Erynav mengangguk dan mereka berpisah kemudian.


***


"Mama pergi dulu."


"Baiklah. Sampai jumpa!" Jereni mencium tangan mamanya dan mamanya benar-benar pergi dari hadapannya.


Dia masih berdiri memperhatikan mobil mamanya yang pergi untuk kembali ke rumah. Maklum, Jereni anak satu-satunya dan kedua orangtuanya melakukan yang terbaik terhadap nya.


"Lula sudah berangkat belum ya?" Dia berbalik dan berjalan menuju kelas yang lumayan jauh dari tempat ia berdiri, di gerbang sekolah.


Dia tidak mengeluh, karena ini sudah biasa.


"Aku malas sekali ke sekolah hari ini.." Jereni berjalan dengan gontai dan tersandung kemudian.


Dia benar-benar tidak memperhatikan jalanan. Untuk tidak ada orang di sini.


Jereni berbelok ke kanan dan berjalan melewati koridor. Beberapa anak berjalan di depannya dan saling berbicara.


Pandangan mata Jereni beralih ke seorang laki-laki berjaket hitam berjalan berlawanan arah di depannya.


Jereni's POV


Yeah kau tahu, aku tidak -


Siapa dia?

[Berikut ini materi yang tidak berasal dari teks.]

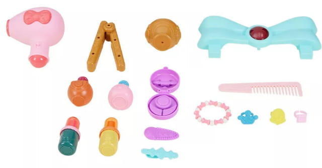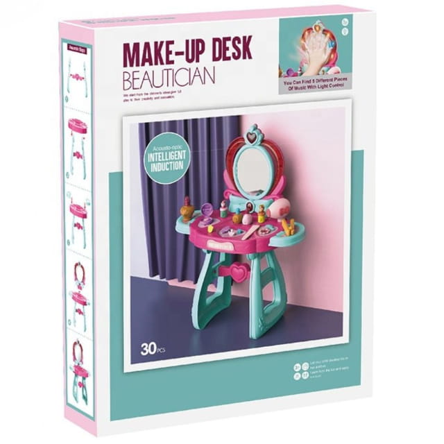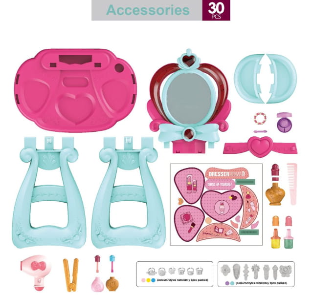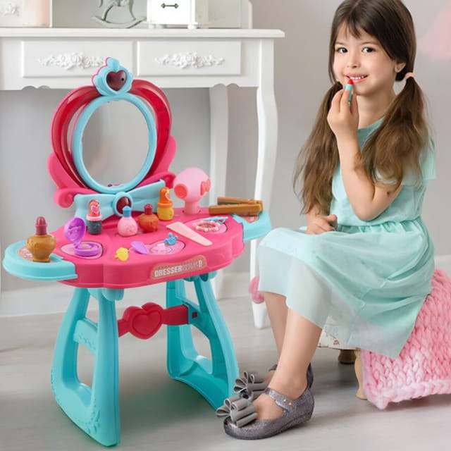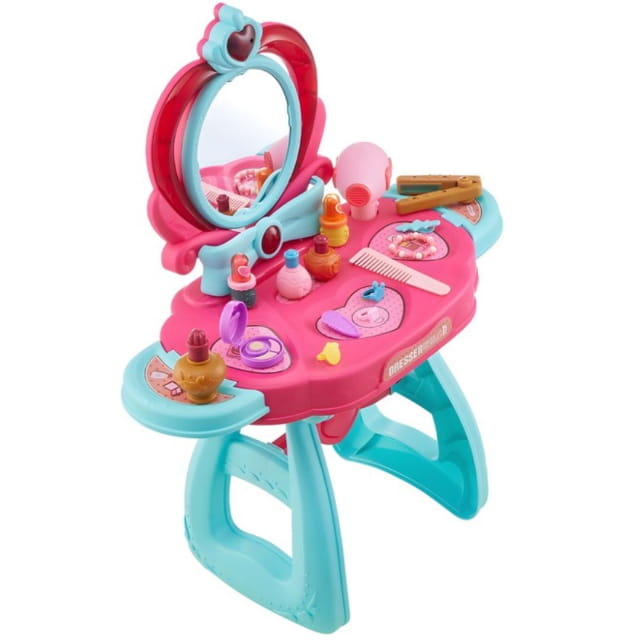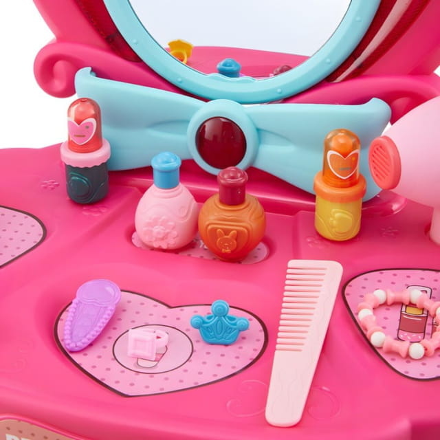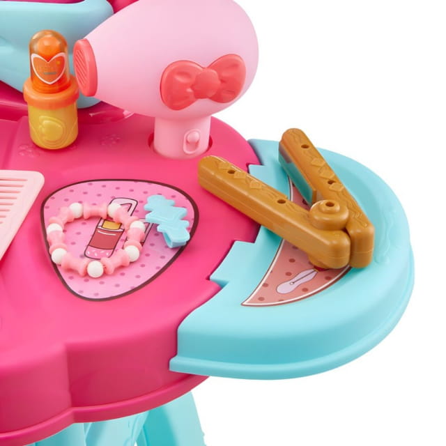 🪞 Masă de toaletă completă, cu multe accesorii – oglindă, uscător de păr de jucărie, pieptene, clești, bijuterii și elemente decorative pentru joacă variată.

Sepertinya bukan murid di sini. Kurasa dia anak ..


Tidak asing bagiku?


Dia juga menatapku dari jauh, dan kenapa aku merasa ada sesuatu ketika aku menatap matanya?


Laki-laki itu tak asing dan ..


"Jereni!" Aku terkejut seseorang menepuk pundakku dan berteriak.


"Lula?" Lula tersenyum dan merangkul ku.


"Kau tadi mematikan teleponku begitu saja " Aku tidak mendengarkan Lula. Aku masih memperhatikan laki-laki itu.


Dia tersenyum ketika jarak kami semakin dekat. Tunggu, dia tersenyum? Padaku?


"Kak Matvei!"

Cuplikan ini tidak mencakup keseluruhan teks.